You can also make this request earlier if you have made additional payments that reduce the principal balance of your mortgage to 80 percent of the original value of your home. For this purpose, “original value” generally means either the contract sales price or the appraised value of your home at the time you purchased it, whichever is lower (or, if you have refinanced, the appraised value at the time you refinanced).

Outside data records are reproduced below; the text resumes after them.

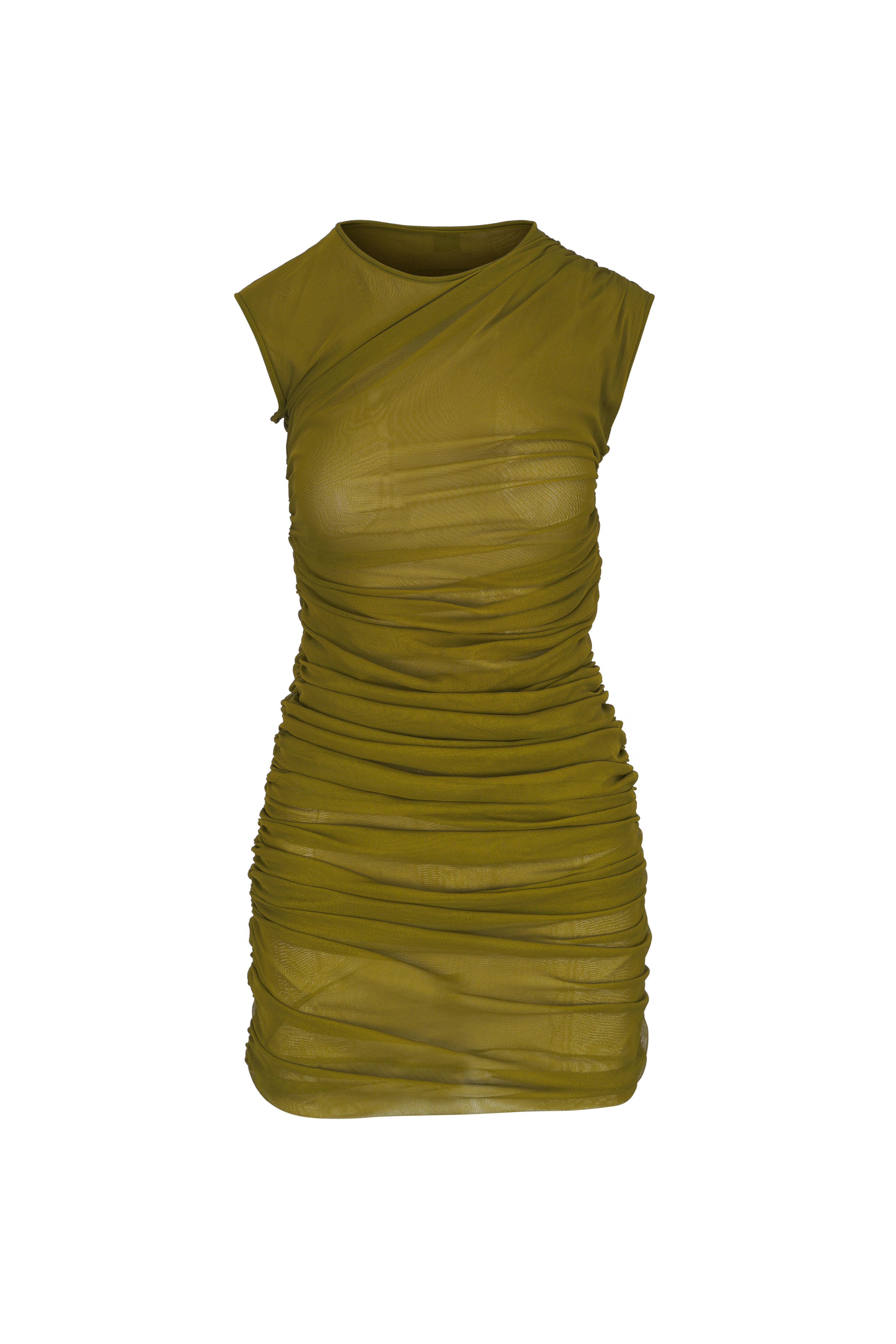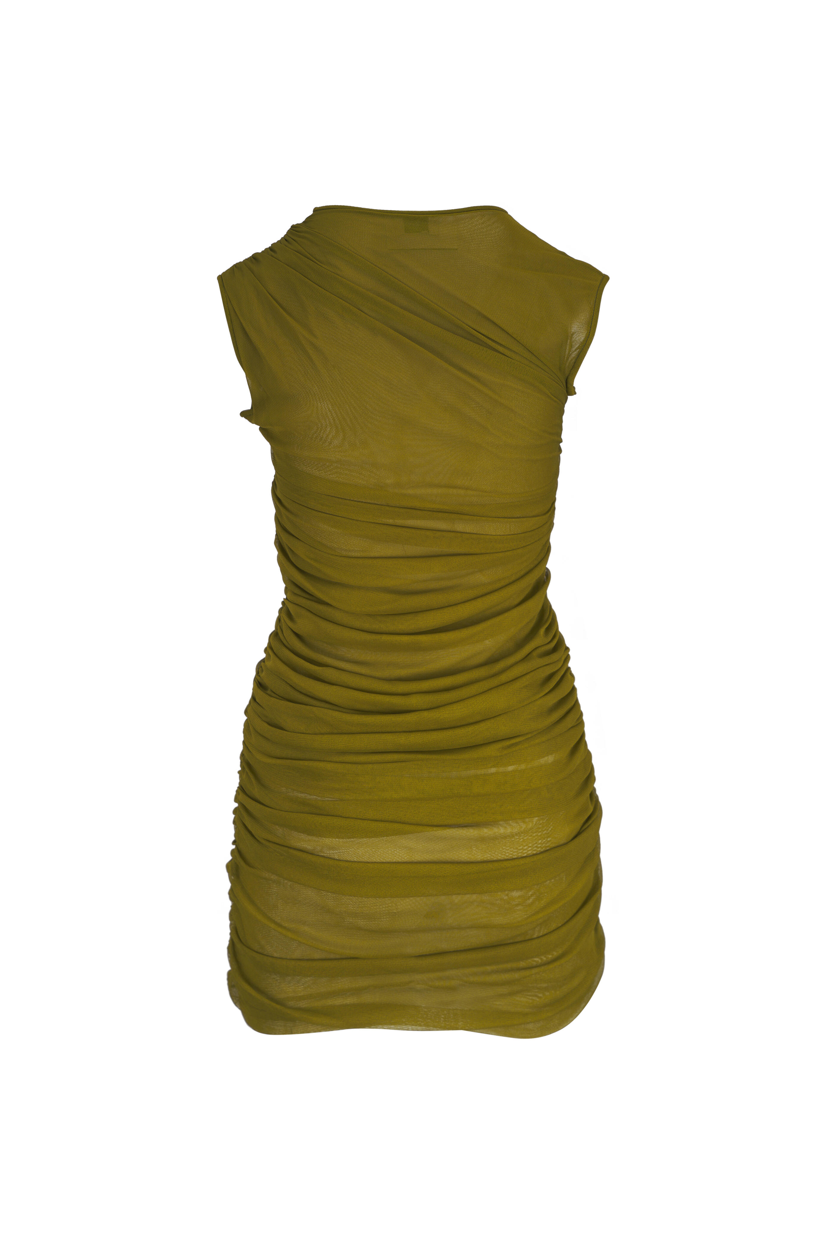 Mousse Green Ruched Tulle Jersey Mini Dress
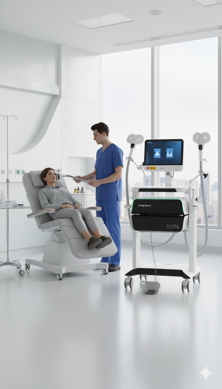 Транскраниальный магнитный стимулятор является диагностическим и терапевтическим оборудованием при различных неврологических и психиатрических расстройствах. Импульсное магнитное поле генерирует индуцированный ток в мозге, который стимулирует соответствующие нейроны мозга и вызывает ряд физиологических и биохимических реакций.
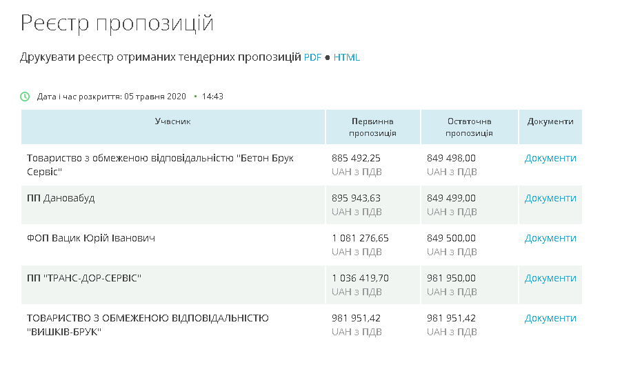 Очікувана вартість ремонту доріжки на дамбі вздовж річки Стир становила 3,5 мільйона гривень. На конкурс надійшли пропозиції від двох учасників: ТОВ «Бетон Брук Сервіс» та ПП «Спортелітбуд». На аукціоні ціни конкурентів не знижувались, в результаті переможцем стало ТОВ «Бетон Брук Сервіс» із ціною – 2 974 989, 50 грн.
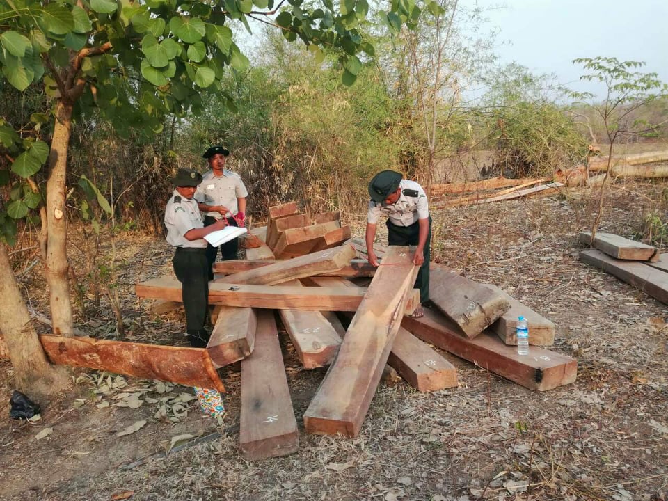 ဆက်လက်၍ တမူးခရိုင် တမူးမြို့နယ် ခမ်းပတ်မြို့၏ အနောက်ဘက်(၄) ဖာလုံခန့်အကွာမှ ကျွန်း၊ ကညင်ခွဲသား (၆ ဒသမ ၈၁၉၂)တန်၊ အင်ဂျင်(၁)လုံး နှင့်ဆက်စပ်ပစ္စည်း (၅)မျိုး၊ ရွှေဘိုခရိုင်၊ ကန့်ဘလူမြို့နယ်၊ မလယ်ကျေးရွာအတွင်းရှိ ဟီးနိုး(၆)ဘီး (အစိမ်းရောင်) မော်တော်ယာဉ်ပေါ်မှ အင်ကြင်းခွဲသား (၃ ဒသမ ၃၈၀၄) တန်၊ မုံရွာ/ ယင်းမာပင်ခရိုင် ပုလဲမြို့နယ် လယ်ဓမ္မကျေးရွာ အတွင်းမှ ပိတောက် ဒုခွဲသား (၁၂ ဒသမ ၁၈၅၈)တန်နှင့် ရှမ်းပြည်နယ်(တောင်ပိုင်း) လွိုင်လင်ခရိုင် ကွန်ဟိန်းမြို့နယ် အမှတ်(၂)ရပ်ကွက်အနီး၌ SURF မော်ယာဉ်ပေါ်မှ တမလန်းသစ်၊ ဓါးရွေ (ဝ ဒသမ ၈၃၅၄)တန်တို့အားလည်းကောင်း ပိုင်ရှင်မဲ့ဖမ်းဆီးရမိခဲ့ပြီး ပြစ်မှုကျူးလွန်သူများ နှင့် ဆက်စပ်သော သူများအားစုံစမ်းရှာဖွေဖော်ထုတ်၍ ဥပဒေနှင့်အညီ ထိရောက်စွာ အရေးယူနိုင်ရေး စီစဉ်ဆောင်ရွက် လျက်ရှိကြောင်း သစ်တောဉီးစီးဌာနမှ သိရသည်။

There are other important criteria you must meet if you want to cancel PMI on your loan:

  • Your request must be in writing.
  • You must have a good payment history and be current on your payments.
  • Your lender may require you to certify that there are no junior liens (such as a second mortgage) on your home.
  • Your lender can also require you to provide evidence (for example, an appraisal) that the value of your property hasn’t declined below the value of the home when you first bought it. If the value of your home has decreased, you may not be able to cancel PMI.

Automatic PMI termination
Even if you don’t ask your servicer to cancel PMI, your servicer still must terminate PMI on the date when your principal balance is scheduled to reach 78 percent of the original value of your home. For your PMI to be cancelled on that date, you need to be current on your payments on the anticipated termination date. Otherwise, PMI will not be terminated until shortly after your payments are brought up to date.

Final PMI termination
There is one other way you can stop paying for PMI. If you are current on payments, your lender or servicer must end the PMI the month after you reach the midpoint of your loan’s amortization schedule. The termination applies even if you have not reached 78 percent of the original value of your home. The midpoint of your loan’s amortization schedule is halfway through the full term of your loan. For 30-year loans, the midpoint would be after 15 years have passed. 

This standard for ending the PMI halfway through the loan’s term is more likely to occur for people who have a mortgage with an interest-only period, principal forbearance, or a balloon payment. Keep in mind that you must be current on your monthly payments for termination to occur.

If your loan is guaranteed by the Federal Housing Administration (FHA) or Department of Veterans Affairs (VA), these rules generally won’t apply. If you have questions about mortgage insurance on an FHA or VA loan, contact your servicer.

If you have lender-paid mortgage insurance, different rules apply.